Stephen looked back at his brother. “Are you just going to sit there?”

The wrangling would have been laughable if it weren’t so tragic, but Stephen had the princess of France well in hand, even if it required brutish strength along with a great deal of head-bobbing and body-lurching. Drake said pleasantly, “You don’t seem to need my help.”

“You are a bastard.”

“If I am, then so are you, dear brother.”

With a bone-breaking twist, Stephen disarmed the woman and flung her from the saddle. She fell hard against the wooden planks of the bridge, the wind knocked out of her. Smiling grimly, he dismounted and confiscated her weapon. Regarding it and then her, he surmised whether she was a sheep in wolf’s clothing or a formidable opponent. Having made up his mind, he calmly swiped blood from his cheek and swabbed it across her comely though scowling face.

Other riders milled around to see what the excitement was about. Some sniggered lightly. Others, unimpressed, grumbled. Still others laughed heartily.

When at last Alais regained her breath, she did not surrender lightly. Instead she launched a scuffle bred of stubbornness, which Stephen was only too glad to accommodate. Shoving her to the flat of her back, he straddled her torso and tightened his fist around her pale and delicate throat. She kicked her feet and threw out her arms, landing several effective blows. Stephen ignored the insults, painful as they might have been, and increased the pressure. Under the chokehold, she was succumbing by degrees. The once rosy face paled. The once pretty eyes faded. The once shapely lips grimaced. She let out a final gasp, fluttered long eyelashes a final time, and went utterly limp, legs athwart and hands turned up.
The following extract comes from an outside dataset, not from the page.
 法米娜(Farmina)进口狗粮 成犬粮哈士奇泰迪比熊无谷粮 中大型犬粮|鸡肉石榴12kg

“Enough, Stephen. The king won’t like it.”

Stephen glanced up. “Which one?”

“Both.”

He conceded the wisdom of his brother’s advice and opened his hand, and just as he did, something snapped. The noise seemed insignificant at first, like the splintering of an oak branch or the clap of far-distant thunder. The hammering repeated. Repeated again.

Drake looked around for the source but found none, only the curious alertness of everyone else. The crunching wasn’t merely a sound. It was a vibration, a shudder, a shiver that threw him and the steed beneath him off balance. The palfrey whickered, shook his head, stamped his hoofs. Shouting went up. Horses bucked. Men scrambled for safety.
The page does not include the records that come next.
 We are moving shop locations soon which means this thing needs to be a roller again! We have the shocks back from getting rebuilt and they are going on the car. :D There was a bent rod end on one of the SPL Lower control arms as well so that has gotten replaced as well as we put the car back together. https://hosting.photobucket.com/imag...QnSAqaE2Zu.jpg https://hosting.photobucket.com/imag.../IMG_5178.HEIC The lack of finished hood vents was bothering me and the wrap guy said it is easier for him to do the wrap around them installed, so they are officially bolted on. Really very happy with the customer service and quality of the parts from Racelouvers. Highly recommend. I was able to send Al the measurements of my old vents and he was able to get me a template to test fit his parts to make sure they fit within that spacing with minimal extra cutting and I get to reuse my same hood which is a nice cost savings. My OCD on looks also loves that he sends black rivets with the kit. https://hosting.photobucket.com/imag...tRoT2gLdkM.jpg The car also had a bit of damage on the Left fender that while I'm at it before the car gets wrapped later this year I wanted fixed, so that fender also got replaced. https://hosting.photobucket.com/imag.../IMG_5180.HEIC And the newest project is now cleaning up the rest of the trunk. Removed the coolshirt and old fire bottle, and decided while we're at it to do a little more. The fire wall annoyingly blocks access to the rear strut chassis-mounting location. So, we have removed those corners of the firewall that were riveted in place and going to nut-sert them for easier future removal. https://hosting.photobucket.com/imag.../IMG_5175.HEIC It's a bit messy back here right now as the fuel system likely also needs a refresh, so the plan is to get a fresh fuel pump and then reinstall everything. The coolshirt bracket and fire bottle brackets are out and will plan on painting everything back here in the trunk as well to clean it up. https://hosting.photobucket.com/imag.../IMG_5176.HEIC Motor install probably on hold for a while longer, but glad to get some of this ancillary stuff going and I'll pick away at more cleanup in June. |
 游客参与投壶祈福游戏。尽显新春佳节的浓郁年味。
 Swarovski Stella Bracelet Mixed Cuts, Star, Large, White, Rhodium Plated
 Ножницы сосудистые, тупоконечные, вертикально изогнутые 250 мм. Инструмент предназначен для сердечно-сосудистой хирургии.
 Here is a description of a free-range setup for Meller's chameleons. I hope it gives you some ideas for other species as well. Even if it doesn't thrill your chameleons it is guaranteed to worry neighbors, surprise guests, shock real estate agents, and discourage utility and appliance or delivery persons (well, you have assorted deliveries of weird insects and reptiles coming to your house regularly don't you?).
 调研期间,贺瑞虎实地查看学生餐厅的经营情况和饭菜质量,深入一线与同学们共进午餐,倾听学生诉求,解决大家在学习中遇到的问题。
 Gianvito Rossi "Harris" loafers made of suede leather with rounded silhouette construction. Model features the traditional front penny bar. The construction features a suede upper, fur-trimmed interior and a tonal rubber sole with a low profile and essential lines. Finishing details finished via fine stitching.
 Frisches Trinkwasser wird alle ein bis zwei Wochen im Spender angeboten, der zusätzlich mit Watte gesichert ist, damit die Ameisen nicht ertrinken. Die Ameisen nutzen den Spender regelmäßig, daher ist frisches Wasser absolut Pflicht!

Drake met his brother’s eyes and saw alarm in them.

The rumbling increased in volume. The river churned. A tremor traveled the length of the bridge like a galloping horse. Someone cried out. Other voices joined in. A chorus of voices wailed in terror. The bridge visibly began to sway. Wood creaked. Something heavy settled with a lurch followed by a sickening thrust. The bridge let off a final groan, low-pitched and mournful.

Everything happened at once. Panic took hold. Horses bolted willy-nilly, throwing off riders and bowling over men. The railing broke apart and splashed into the river. Seeing a way out, many jumped into the waters. Others were tossed aside like so much wreckage and waste.

Only then did Drake understand the magnitude. Under the weight of men, horses, and wagons, the bridge was collapsing.

Stephen rolled onto his back. In a sluggish pile of arms and legs, the would-be assassin followed, the two locked together in a death grip. Stretching out a hand, Drake tried to reach them, but with a dying gasp, the bridge heaved. The distance separating twin from twin widened. Stephen took a last look at his brother before pylons gave way and the bridge began to sink, taking on water and regurgitating mangled bodies.

A final explosion thrust the middle of the bridge upward like a rising pyramid and sent the far sections sinking beneath crushing weight. Stephen splashed into the stygian river, taking with him as bride to groom Alais de Capét, comtesse of Vexin, princess of France, and king’s future queen.